Abbiamo dimostrato come eseguire l'analisi zymographic di MMP-2 nel surnatante di coltura cellulare.

La quantità di campione da caricare su un gel deve essere determinato empiricamente a seconda della provenienza e MMP di interesse. Caricamento troppo poco impedisce di rilevamento durante il caricamento di troppo può portare alla saturazione quanto non vi è solo substrato tanto una proteasi in grado di digerire nell'area della band. Se necessario, il campione può essere diluito in acqua deionizzata prima della miscelazione con tampone di caricamento o il tempo di sviluppo possono de ridotto da notte per 4 ore. E 'anche possibile concentrare le proteine ​​in una soluzione che utilizza concentratori (es. catalogo Millipore # UFC803024). Se le bande rimangono poco visibile, può essere necessario per sviluppare il gel per un periodo di tempo più lungo, anche fino a 48 ore. Quando la preparazione dei campioni da surnatanti colture di tessuti, si deve rilevare che siero fetale bovino (e altri sieri) contiene MMP che possono influenzare i risultati. Per questa ragione, raccogliamo tutti i nostri surnatanti dopo cultura in mezzo privo di siero.

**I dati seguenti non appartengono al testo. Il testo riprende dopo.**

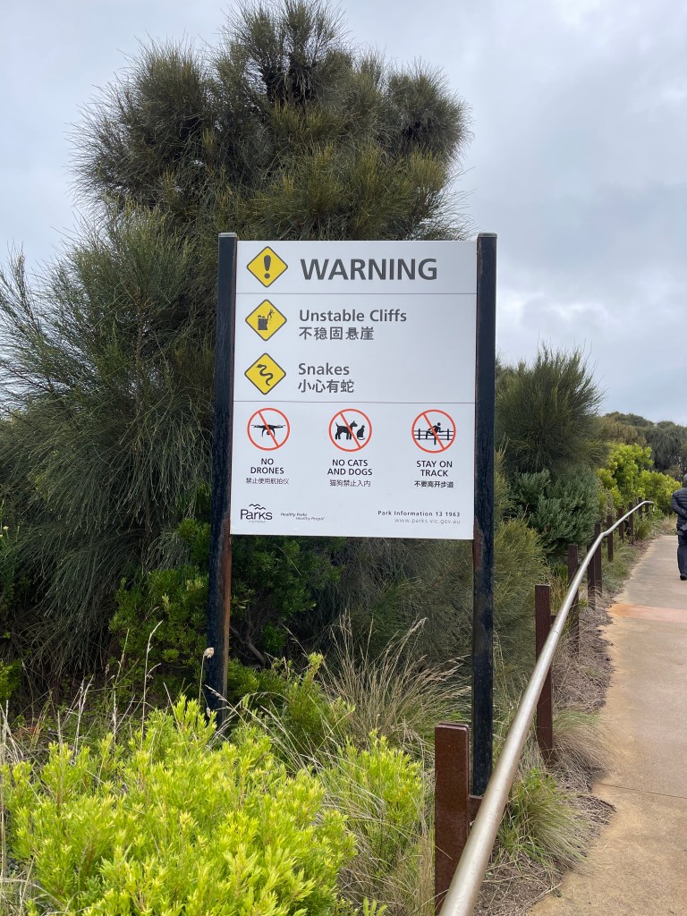 Leaving Geelong we headed out through Lorne towards the Great Ocean Road. And ended up going past the entrance to the Great Ocean Road viewing area, turns out it is on the right side of the road (obviously heading Westish) and you walk a tunnel under the road to view the 12 Apostles. (Be careful though, snakes on that there path, according to the warning sign).

La lava di cui ai paragrafi 2.9 e 2.10 del protocollo sono necessari per rimuovere la colorazione di fondo delle bande digerito. Volte di più lavare rimuoverà più di fondo, ma anche debole la colorazione del supporto in tutto il gel. Se i tempi di lavaggio più lunghi sono necessari, si consiglia la scansione del gel ogni poche ore per selezionare la scansione con il miglior contrasto.

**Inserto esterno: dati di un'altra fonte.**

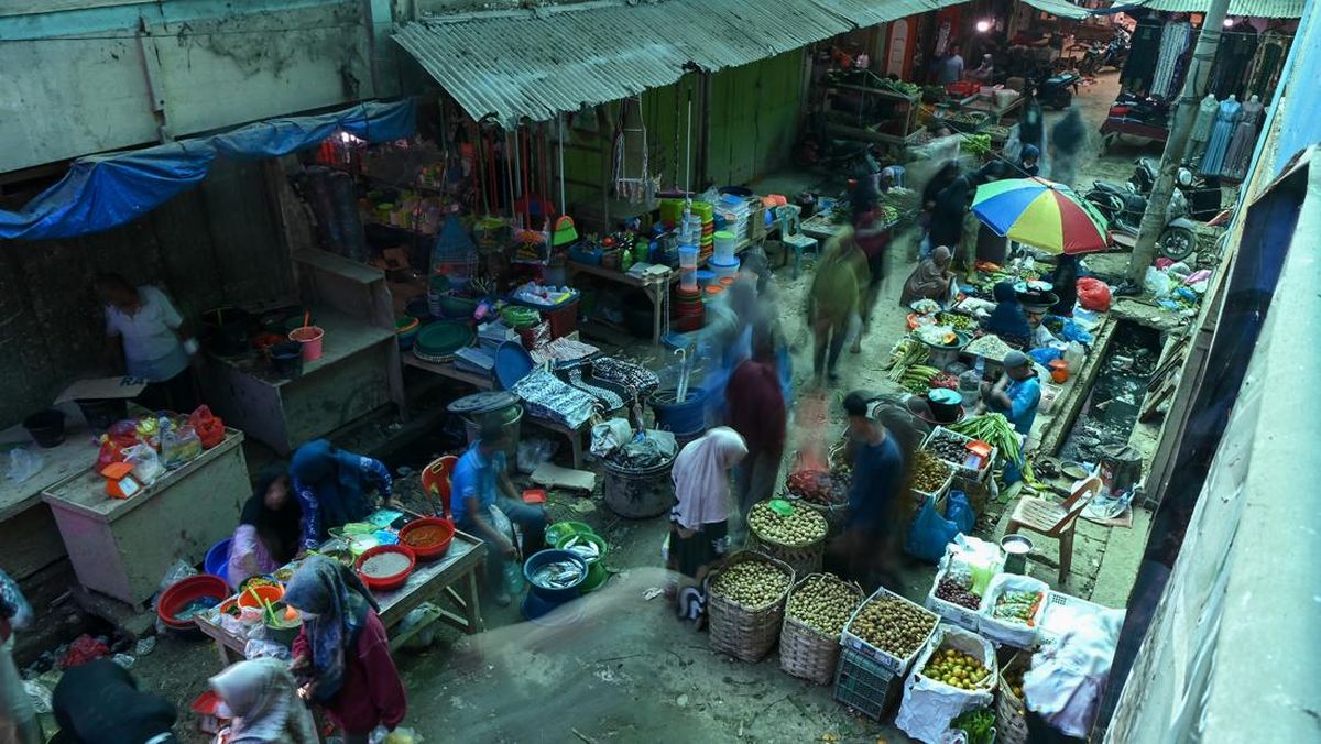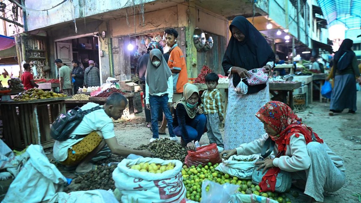 Suasana jual beli di pasar pagi Aceh Tamiang, Aceh, Sabtu (24/1). (ANTARA FOTO/Nova Wahyudi).

Questa tecnica può essere utilizzata per rilevare altre MMP. Per esempio, MMP-9 possono essere rilevati su gel di gelatina, e anche in misura minore, MMP-1, MMP-8 e MMP-13 la gelatina non è il loro substrato preferito. MMP-1 e MMP-13 sono i migliori rilevati zimografia collagene, mentre la caseina è il substrato preferito per MMP-11 e permette anche per la rilevazione di MMP-1, MMP-3, MMP-7, MMP-12, e MMP-13 9. MMP-7 (matrilysin) e collagenasi (MMP-1 e MMP-13) sono difficili da individuare quando presente a bassi livelli di caseina o gel gelatina. L'aggiunta di eparina al campione al momento del carico gel migliora in modo significativo il limite di rilevamento per la MMP-7. Per MMP-1 e MMP-13, l'eparina deve essere aggiunto il gel dopo la corsa elettroforetica è già in corso 12.

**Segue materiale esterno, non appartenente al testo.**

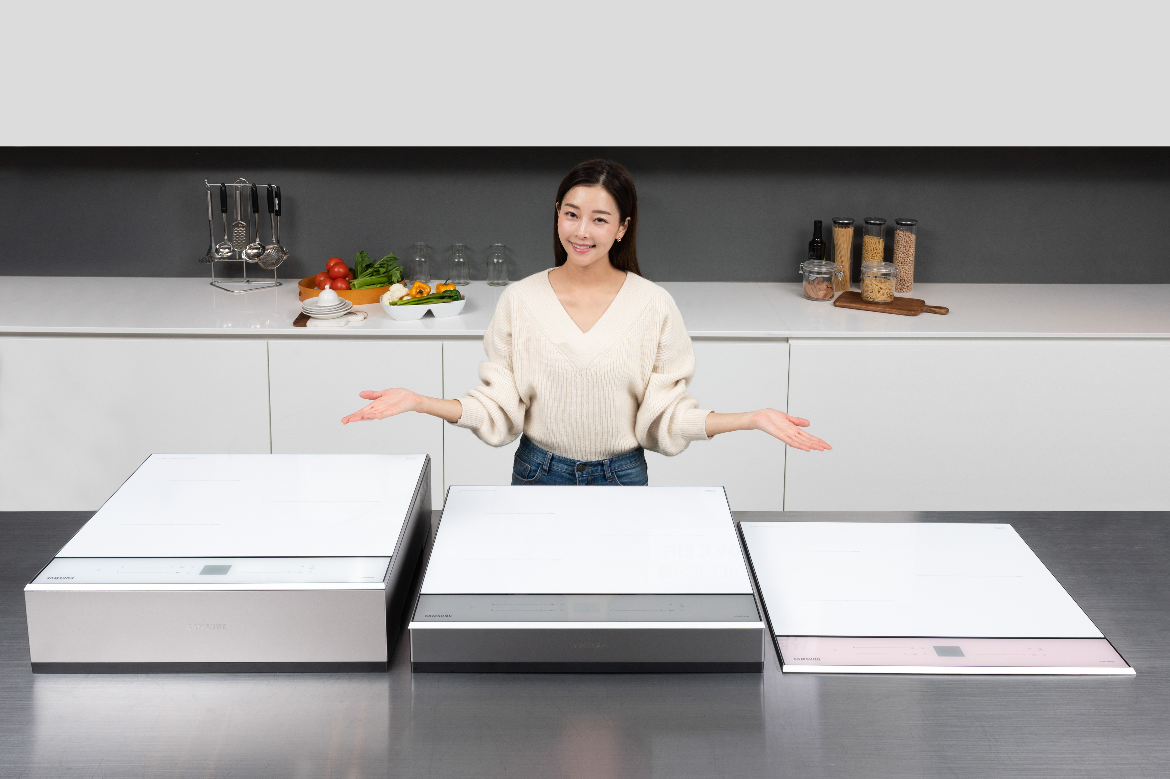 ▲ 삼성전자 모델이 수원 삼성전자 디지털시티 프리미엄하우스에서 차별화된 디자인과 국내 최고 수준의 화력을 갖춘 ‘삼성 비스포크(BESPOKE) 인덕션’ 신제품을 소개하고 있다.

Dal zimografia misura l'attività enzimatica dopo denaturazione e rinaturazione degli enzimi, si misura l'attività di tutti MMP presenti nel campione. Questo include gli enzimi, pro-enzimi, ed enzimi legati agli inibitori endogeni (ad esempio TIMP-2). E 'tuttavia possibile determinare il livello di attivazione MMP nel campione confrontando la densità di banda dell'enzima attivo e di quello del pro-enzima, che avrà un peso leggermente superiore molecolare.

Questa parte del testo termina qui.